Global refinery runs are already on their way down. They fell by 1.3m barrels a day in January, down to 79.8m b/d, according to the International Energy Agency, buckling under the pressure of lower margins and the onset of seasonal maintenance in the US. In February, runs will likely remain flat, but fall again, by 0.6m b/d, in March, the agency says. Global crude stocks are expected to rise, testing inventory tank tops. In the US, crude stocks at Cushing have already reached about 90% of tank capacity.

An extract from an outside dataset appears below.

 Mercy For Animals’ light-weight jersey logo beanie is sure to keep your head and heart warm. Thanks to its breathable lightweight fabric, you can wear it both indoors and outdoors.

The biggest short-term culprit is turnarounds - when a refinery schedules an entire processing unit to be taken offline for maintenance. Energy Aspects, a consultancy, expects 5.2m b/d of global processing capacity to be offline in this way in March. In December, just 3.56m b/d was undergoing maintenance. North America and Asia will each take off almost 1.5m b/d of capacity, while European maintenance will account for another 1.2m b/d. Global turnarounds will then fall in April, to 4.7m b/d, and May (2.8m b/d) before rising again in June, to almost 3.2m b/d.

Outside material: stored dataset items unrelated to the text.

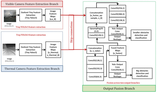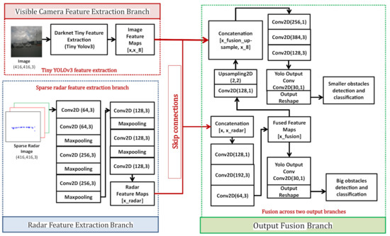 Output Branch: The features extracted from the sparse radar image and the visible camera are transferred to the output branch using skip connections. The individual feature maps are concatenated with each other at various levels in the output branch. The output branch based on the tiny Yolov3 model contains two sub-branches. The first sub-branch detects small and medium-sized obstacles, and the second sub-branch detects big obstacles. The output branch uses multiple 2D convolution filters and reshapes layers.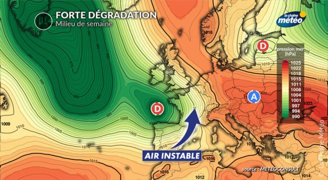 Avec le creusement d'un profond système dépressionnaire sur l'Atlantique, au large de l'Espagne, à partir de lundi, le temps va commencer à se dégrader dans le sud de la France. Ce système dépressionnaire gagnera au cours de la semaine toute la France. Comme la masse d'air sera très instable et ce système dépressionnaire peu mobile, il faut craindre une situation de blocage à l'origine de plusieurs épisodes d'intempéries de mardi à vendredi prochain.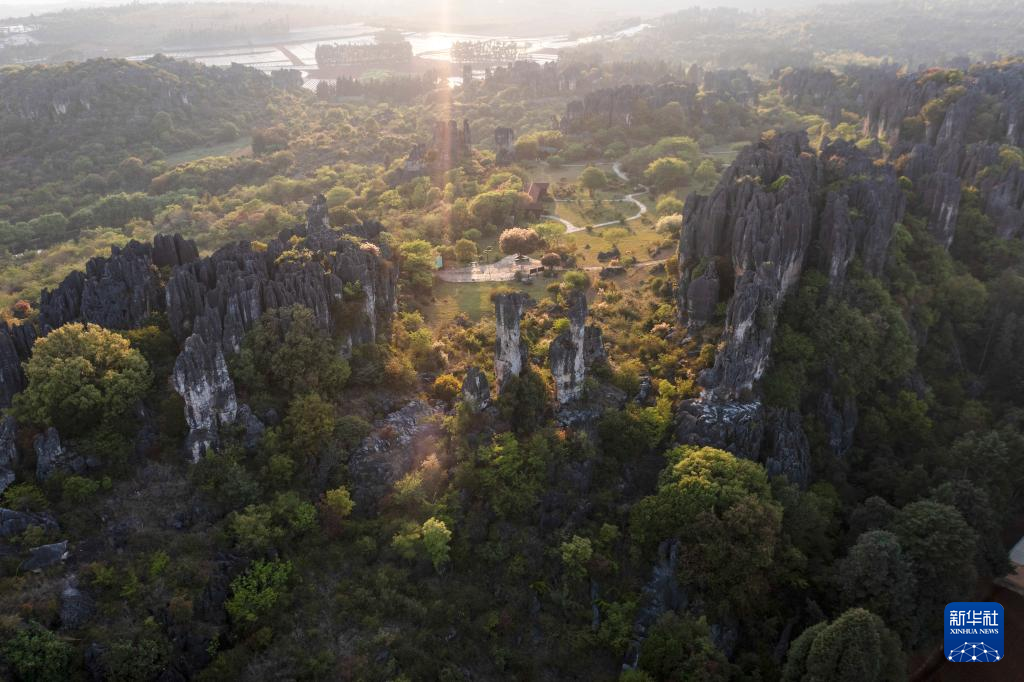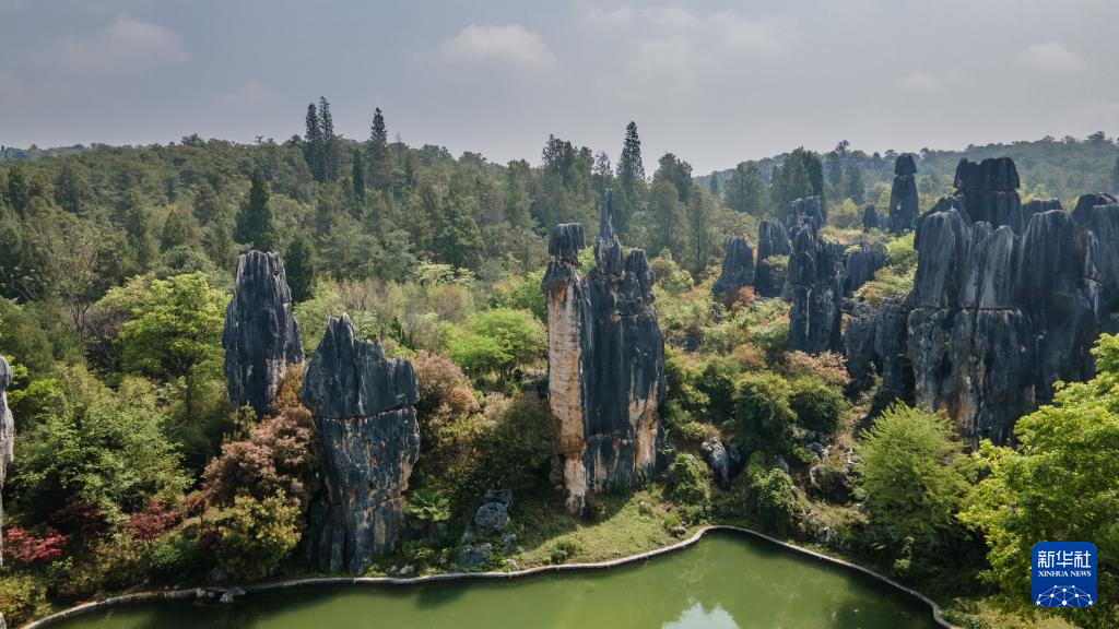 這是4月10日拍攝的石林景觀(無人機照片)。新華社記者 王冠森 攝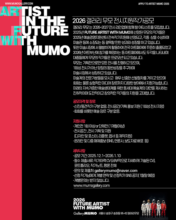 [2026 갤러리무모 GalleryMUMO 전시작가공모] ‘ARTIST IN THE FUTURE WITH MUMO’
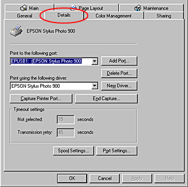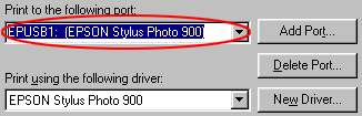 If EPUSBX: (EPSON Stylus Photo 900) is displayed in the Print to the following port list, then the USB printer device driver and printer software are installed correctly. If the correct port is not displayed, proceed to the next step.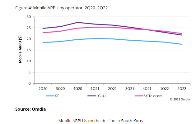 Omdia分析師Anshika Gandotra在報(bào)告中寫(xiě)到:“在經(jīng)歷了兩年的持續(xù)增長(zhǎng)后,韓國(guó)電信(KT)和LG U+的移動(dòng)ARPU重新開(kāi)始下降,而SK電訊(SK Telecon)則保持相對(duì)平穩(wěn),但其5G用戶增長(zhǎng)和收入增長(zhǎng)已經(jīng)陷入停滯狀態(tài)?!?

But things will improve. Refinery runs will rise by 300,000 b/d in Q2, to 78.2m b/d and peak at 79.5m b/d in Q3 - a year-on-year gain of 0.5m b/d. Even in Q4, when seasonal maintenance will start up again, the consultancy expects runs of 78.8m b/d, or 0.8m b/d than in Q4 2015. In the US, margins at Midwest refineries were negative at the beginning of February. This has led to an increase in planned maintenance works. Others may decide to use the dip in margins to rush in their own turnarounds.
BNP Paribas estimates that US cracking margins fell to about $5 a barrel for the week ending 5 February, from $10.20/b seen in Q3 2015. Brent cracking margins fell to just $3/b, down from almost $7/b. Energy Aspects say worse is in store, with the latter expected to come in at $1.50/b this quarter, before rising to $5/b and $5.50/b in the second and third quarters. They could be back down to $1/b by the end of the year, if crude prices rise.

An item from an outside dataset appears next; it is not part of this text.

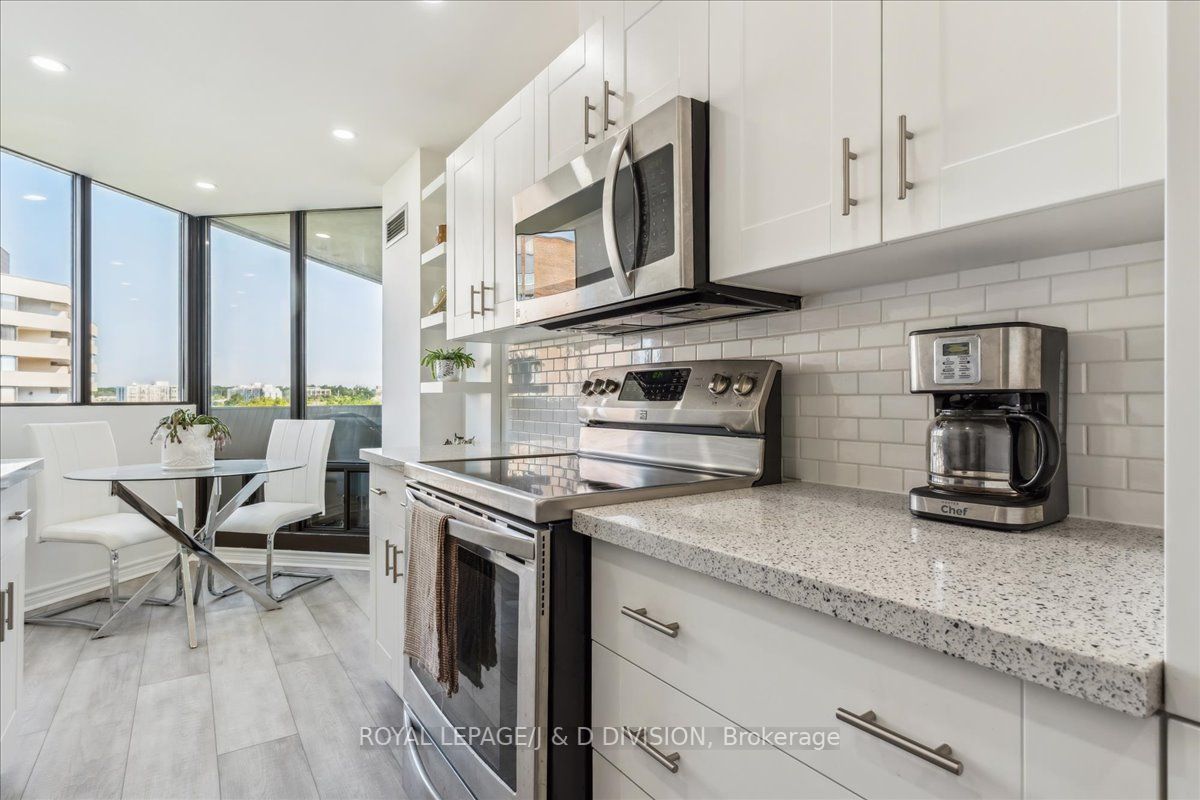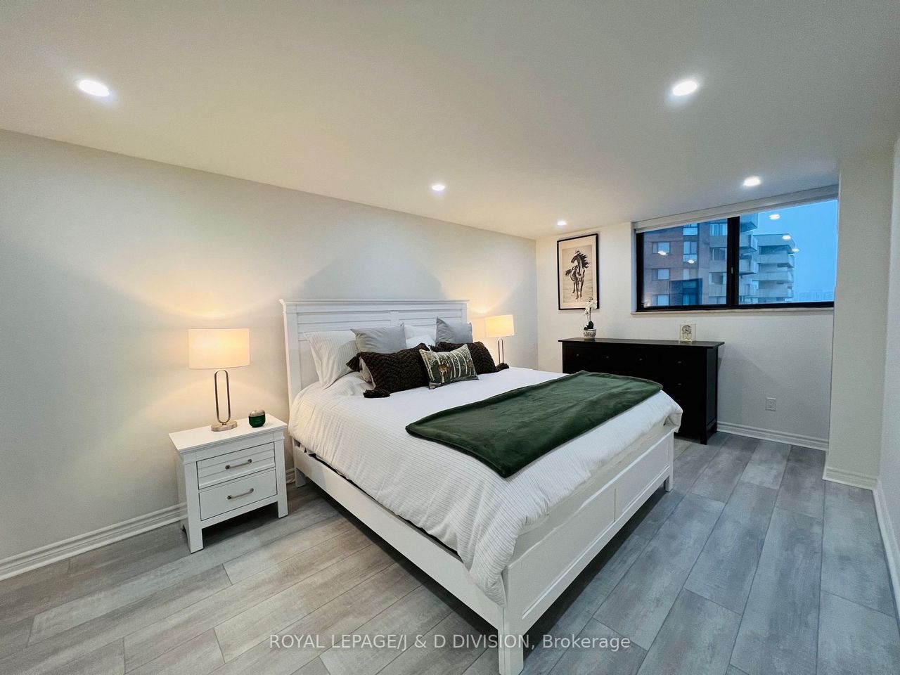 Renovated 1112 Sq. Ft suite in pristine Baif Gardens complex steps from Hillcrest Mall with two large bedrooms, sunny renovated eat-in kitchen, beautiful house-size living and dining rooms with lovely views from the condo and the huge balcony with BBQ permitted! Primary bedroom with ensuite bathroom and double closet with organizer. Plenty of storage in the kitchen, front closet, renovated laundry room and bedrooms. Condo fee includes ALL utilities, internet and cable. Best two parking spots directly across from the elevator, large locker, extensive lush, quiet grounds to relax on including Club 66, the well-appointed recreation centre with large outdoor pool, gym, party room(s), car wash and every convenience. Minutes to shopping and transit. Quiet and beautifully maintained buildling.All inclusive maintenance fee for convenience and great value.

If US refiners respond by taking more capacity offline - beyond the 1.1m to be lost in turnarounds in April - crude will pour into storage again, lifting Cushing's utilisation to a "clearly unsustainable" level of 94%, says Energy Aspects. Some spare capacity is needed for operational purpose.
US commercial stocks sat at 502m barrels in early February. Despite a 0.8m barrel draw a week earlier, that left it "near levels not seen for this time of year in at least the last 80 years", says the Energy Information Administration, a division of the Department of Energy.